Skip to content

dwickyfp/building-pipeline-streaming-postgres-into-snowflake

Repository files navigation

Real-Time Data Pipeline: PostgreSQL to Snowflake using Kafka

This project demonstrates how to build a real-time data pipeline that streams data from PostgreSQL to Snowflake using Apache Kafka as the messaging backbone.
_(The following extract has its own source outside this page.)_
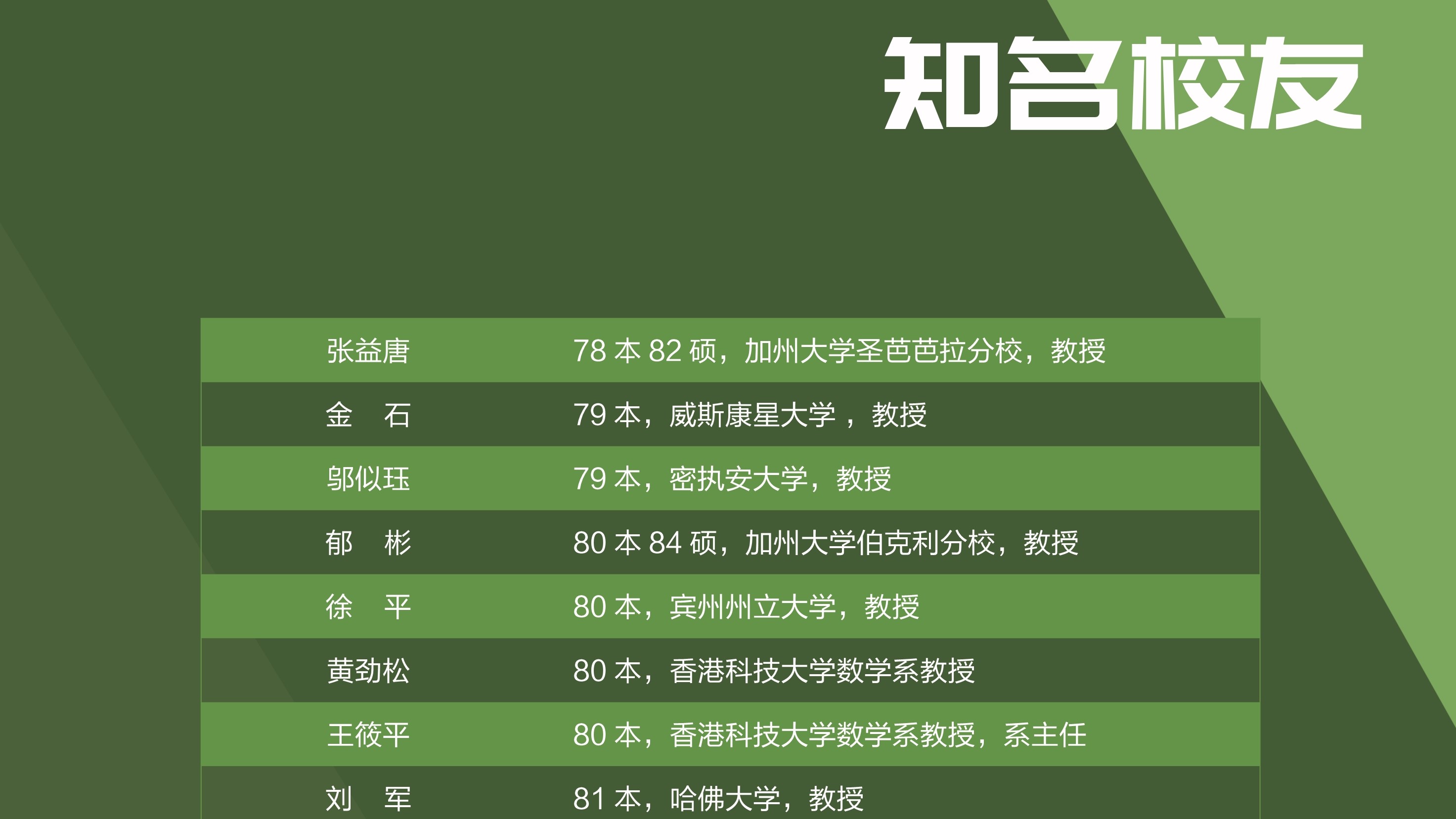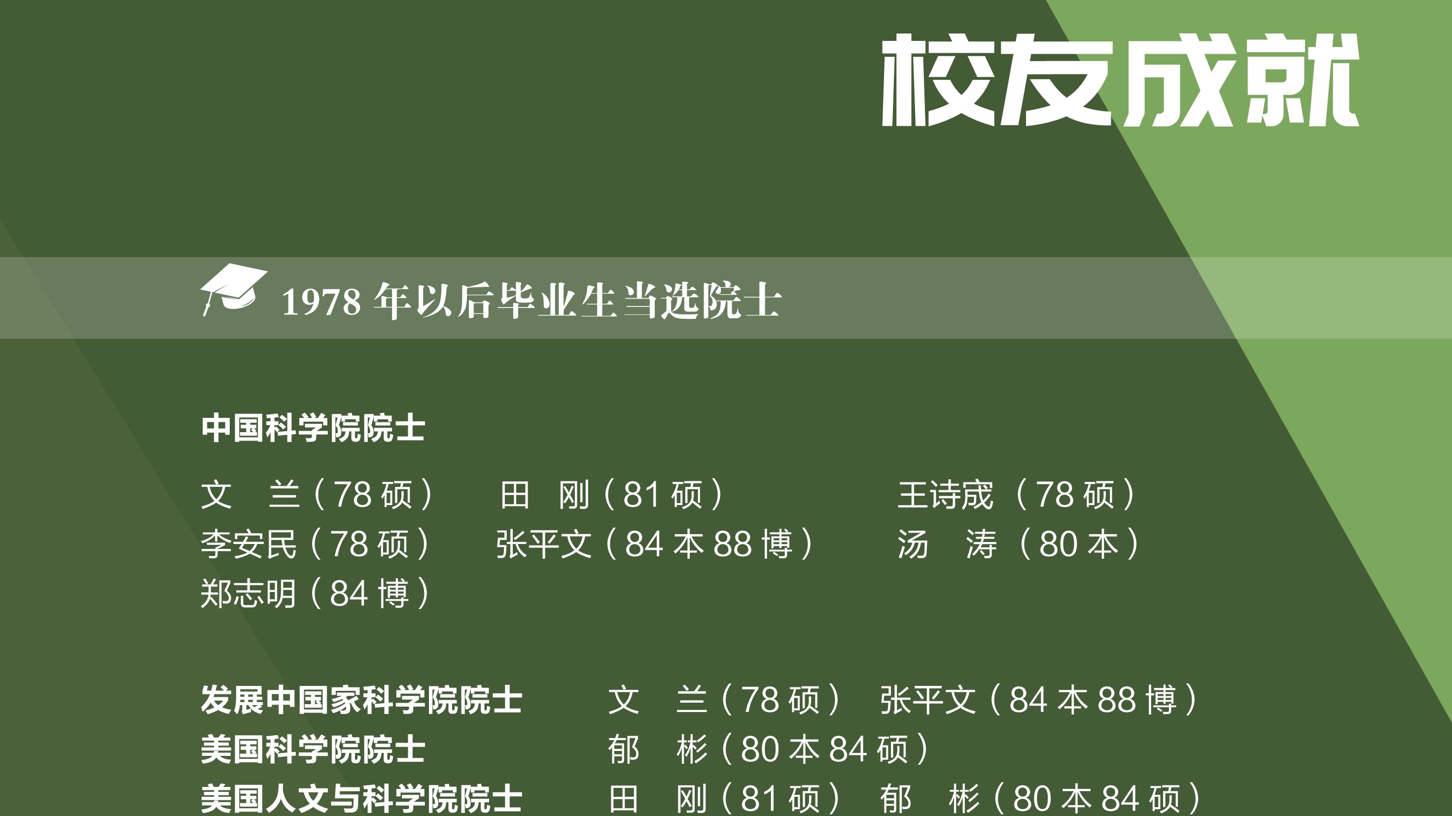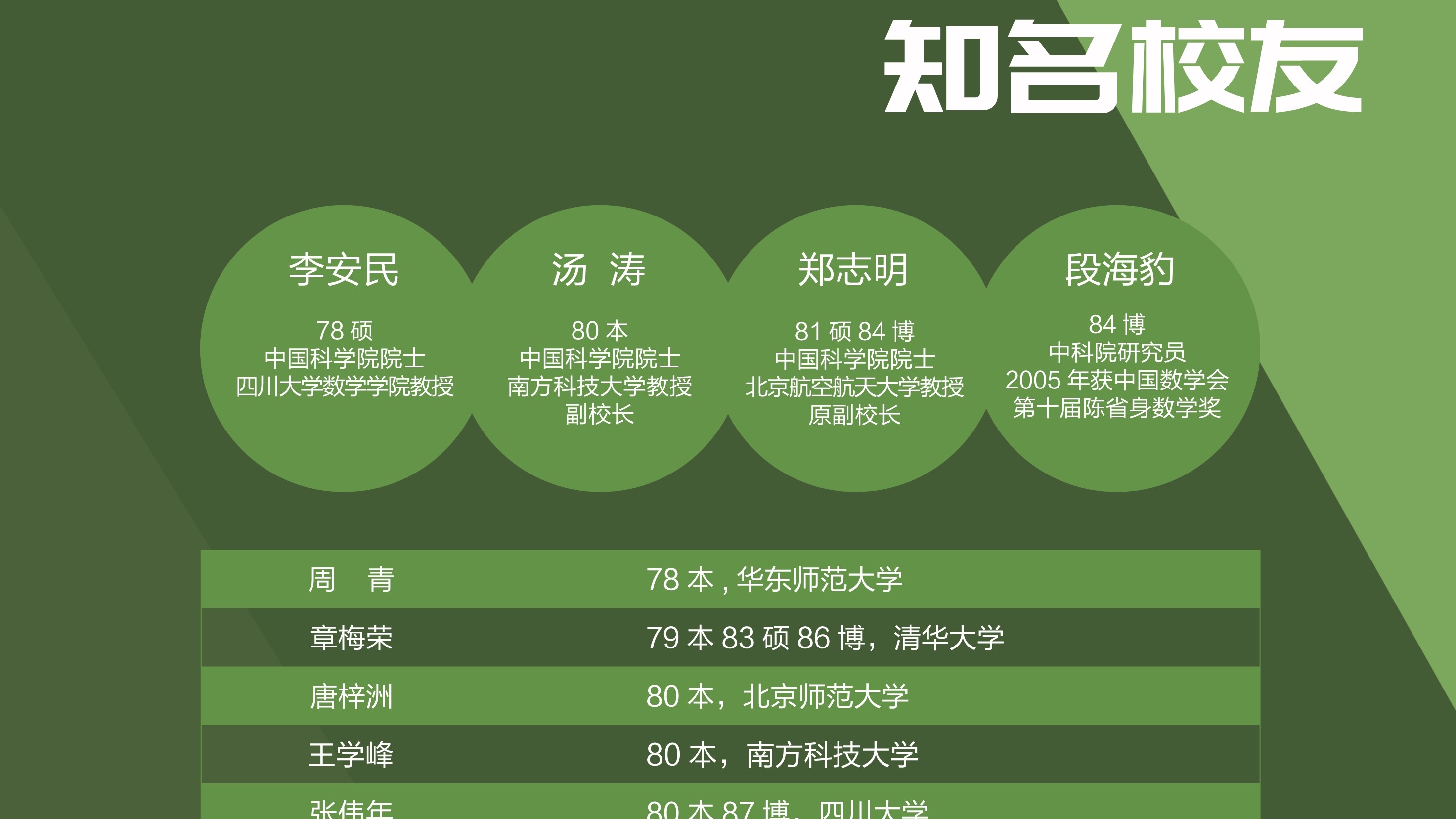 四十年来学院共培养了七千九百多位学生,他们活跃在全国各条战线,乃至世界各地更加广阔的舞台上,在数学及其相关领域取得突出成就。校友们的成就体现了教师的劳动价值,我们为曾经陪伴他们成长而感到骄傲。由于院友数量巨大,展览很可能挂一漏万,疏忽之处尚祈谅解,并请指正.

The pipeline enables near real-time data replication and analytics capabilities.

Architecture Overview

PostgreSQL -> Kafka Connect (Source) -> Kafka -> Kafka Connect (Sink) -> Snowflake

Prerequisites

  • Docker and Docker Compose
  • Python 3.7+
  • PostgreSQL database
  • Snowflake account
  • Kafka Connect with required connectors

Components

  1. PostgreSQL: Source database where the data originates
  2. Apache Kafka: Distributed streaming platform
  3. Kafka Connect: Framework for streaming data between Kafka and other systems
  4. Snowflake: Cloud data warehouse destination

Quick Start

  1. Clone this repository
  2. Set up your environment variables
  3. Start the services using Docker Compose:
    docker compose up -d
  4. Configure Kafka Connect:
    cd create_connector
    python push_kafka_connect.py

Configuration

The project includes several important configuration files:

  • docker-compose.yml: Defines the required services
  • create_connector/config.json: Kafka Connect configuration
  • prometheus.yml: Monitoring configuration
  • grafana_dashboard.yml: Dashboard configuration

Monitoring

The pipeline includes monitoring capabilities using:

  • Prometheus for metrics collection
  • Grafana for visualization

Security

Security features implemented:

  • RSA key authentication for Snowflake
  • FIPS compliance with custom security modules

Directory Structure

  • connect-plugins/: Contains required Kafka connector JARs
  • create_connector/: Connector configuration and setup scripts
  • seed_data/: Test data and seeding scripts
  • user/: Security keys and certificates

Contributing

Feel free to submit issues and enhancement requests.

License

This project is licensed under the MIT License - see the LICENSE file for details.